# [What is required]
All entries below must be written out verbatim, and the images must be dropped.

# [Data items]
+---+

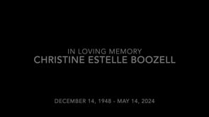 Christine Estelle Boozell, 75, of Indianola, passed away Tuesday, May 14, 2024 at home. A Celebration of Life will be held 4 p.m., Saturday, June 1, 2024 at Overton Funeral Home. Visitation will be held from 2 to 4 p.m. prior to service.
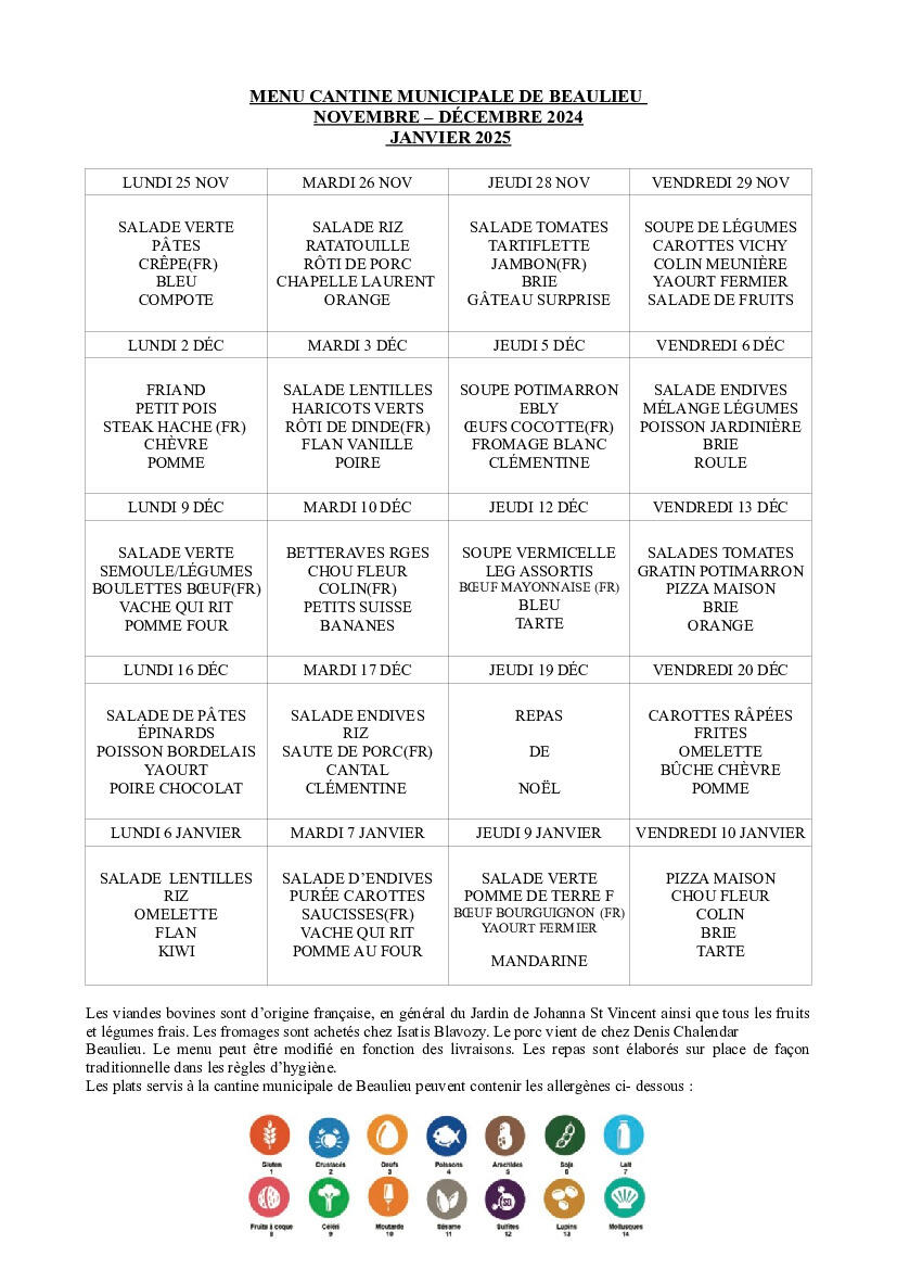 MENU CANTINE DU 25/11/2024 au 10/01/2025
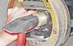 7. Отвернув болты, снимаем колесо и вынимаем полуось. Между фланцем балки и тормозным щитом установлено резиновое уплотнительное кольцо, не потеряйте его.
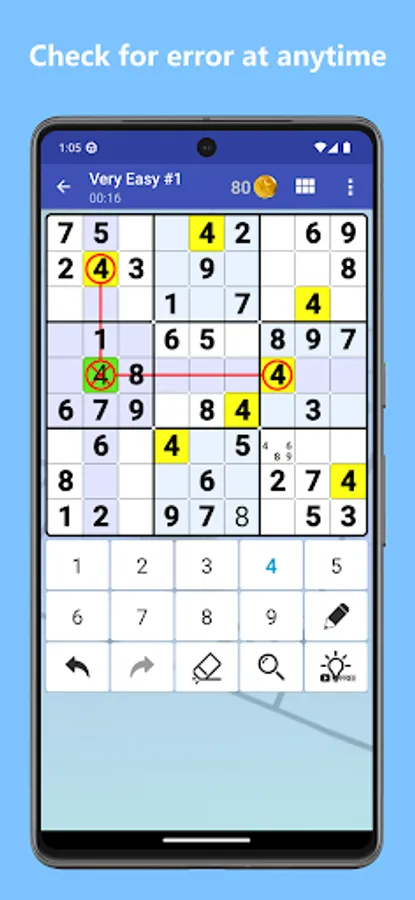 With our hint system, aka the sudoku solver, will teach you all the skills you need to solve the sudoku puzzles step by step, and the instructions are very easy to understand, also with helpful animations and colorful visual effects. The hint system will not only tell you the answer but also help you to understand why the answer is, whether you're completely sudoku kids, or the way to sudoku master.
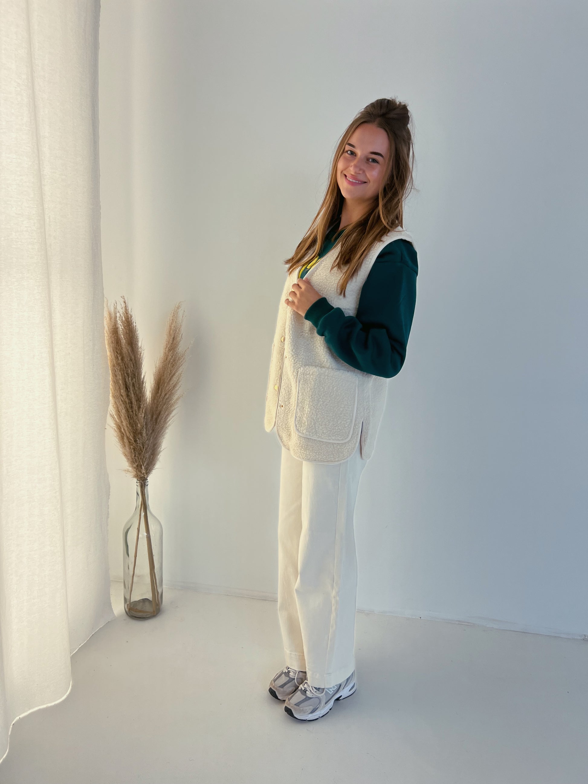 Onze Guusje teddy jack is een super tof teddy jasje zonder mouwen, deze heeft 2 zakjes en druk knoopjes. Super leuk op een jeanske te combineren maar ook op een leuke jurk is dit een toppertje.

+---+

# [Final answer]
 Christine Estelle Boozell, 75, of Indianola, passed away Tuesday, May 14, 2024 at home. A Celebration of Life will be held 4 p.m., Saturday, June 1, 2024 at Overton Funeral Home. Visitation will be held from 2 to 4 p.m. prior to service.
 MENU CANTINE DU 25/11/2024 au 10/01/2025
 7. Отвернув болты, снимаем колесо и вынимаем полуось. Между фланцем балки и тормозным щитом установлено резиновое уплотнительное кольцо, не потеряйте его.
 With our hint system, aka the sudoku solver, will teach you all the skills you need to solve the sudoku puzzles step by step, and the instructions are very easy to understand, also with helpful animations and colorful visual effects. The hint system will not only tell you the answer but also help you to understand why the answer is, whether you're completely sudoku kids, or the way to sudoku master.
 Onze Guusje teddy jack is een super tof teddy jasje zonder mouwen, deze heeft 2 zakjes en druk knoopjes. Super leuk op een jeanske te combineren maar ook op een leuke jurk is dit een toppertje.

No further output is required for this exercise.